4. Review SARs, CTRs, and CTR exemption information obtained from downloads from the BSA-reporting database.  The number of SARs, CTRs, and CTR exemptions filed should be obtained for a defined time period, as determined by the examiner.  Consider the following information, and analyze the data for unusual patterns, such as:

  • Volume of activity, and whether it is commensurate with the customer’s occupation or type of business.
  • Number and dollar volume of transactions involving higher-risk customers.
  • Volume of CTRs in relation to the volume of exemptions (i.e., whether additional exemptions resulted in significant decreases in CTR filings).
  • Volume of SARs and CTRs in relation to the bank’s size, asset or deposit growth, and geographic location.
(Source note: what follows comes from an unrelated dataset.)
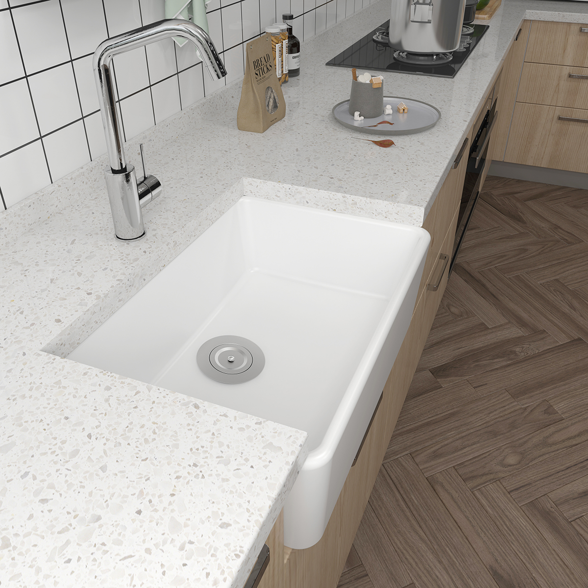 Made from made of real fire-resistant clay,Ceramic White Kitchen Sink can maintain beautiful and reliable performance for many years.

The federal banking agencies do not have targeted volumes or “quotas” for SAR and CTR filings for a given bank size or geographic location.  Examiners should not criticize a bank solely because the number of SARs or CTRs filed is lower than SARs or CTRs filed by “peer” banks.  However, as part of the examination, examiners must review significant changes in the volume or nature of SARs and CTRs filed and assess potential reasons for these changes.

5. Review internal and external audit reports and workpapers for BSA/AML compliance, as necessary, to determine the comprehensiveness and quality of audits, findings, and management responses and corrective action.  A review of the independent audit’s scope, procedures, and qualifications will provide valuable information on the adequacy of the BSA/AML compliance program.

6. While OFAC regulations are not part of the BSA, evaluation of OFAC compliance is frequently included in BSA/AML examinations.  It is not the federal banking agencies’ primary role to identify OFAC violations, but rather to evaluate the sufficiency of a bank’s implementation of policies, procedures, and processes to ensure compliance with OFAC laws and regulations.  To facilitate the examiner’s understanding of the bank’s risk profile and to adequately establish the scope of the OFAC examination, the examiner should complete the following steps:

  • Review the bank’s OFAC risk assessment.  The risk assessment, which may be incorporated into the bank’s overall BSA/AML risk assessment, should consider the various types of products, services, customers, entities, transactions, and geographic locations in which the bank is engaged, including those that are processed by, through, or to the bank to identify potential OFAC exposure.
  • Review the bank’s independent testing of its OFAC compliance program.
  • Review correspondence received from OFAC and, as needed, the civil penalties area on OFAC’s Web site to determine whether the bank had any warning letters, fines, or penalties imposed by OFAC since the most recent examination.
  • Review correspondence between the bank and OFAC (e.g., periodic reporting of prohibited transactions and, if applicable, annual OFAC reports on blocked property).

In addition to the above, at larger, more complex banking organizations, examiners may complete various types of examinations throughout the supervisory plan or cycle to assess OFAC compliance.  These reviews may focus on one or more business lines. 

7. On the basis of the above examination procedures, in conjunction with the review of the bank’s BSA/AML risk assessment, develop an initial examination plan.  The examiner should adequately document the plan, as well as any changes to the plan that occur during the examination.  The scoping and planning process should ensure that the examiner is aware of the bank’s BSA/AML compliance program, OFAC compliance program, compliance history, and risk profile (i.e., products, services, customers, entities, transactions, and geographic locations).

As necessary, additional core and expanded examination procedures may be completed.  While the examination plan may change at any time as a result of on-site findings, the initial risk assessment will enable the examiner to establish a reasonable scope for the BSA/AML review.  In order for the examination process to be successful, examiners must maintain open communication with the bank’s management and discuss relevant concerns as they arise.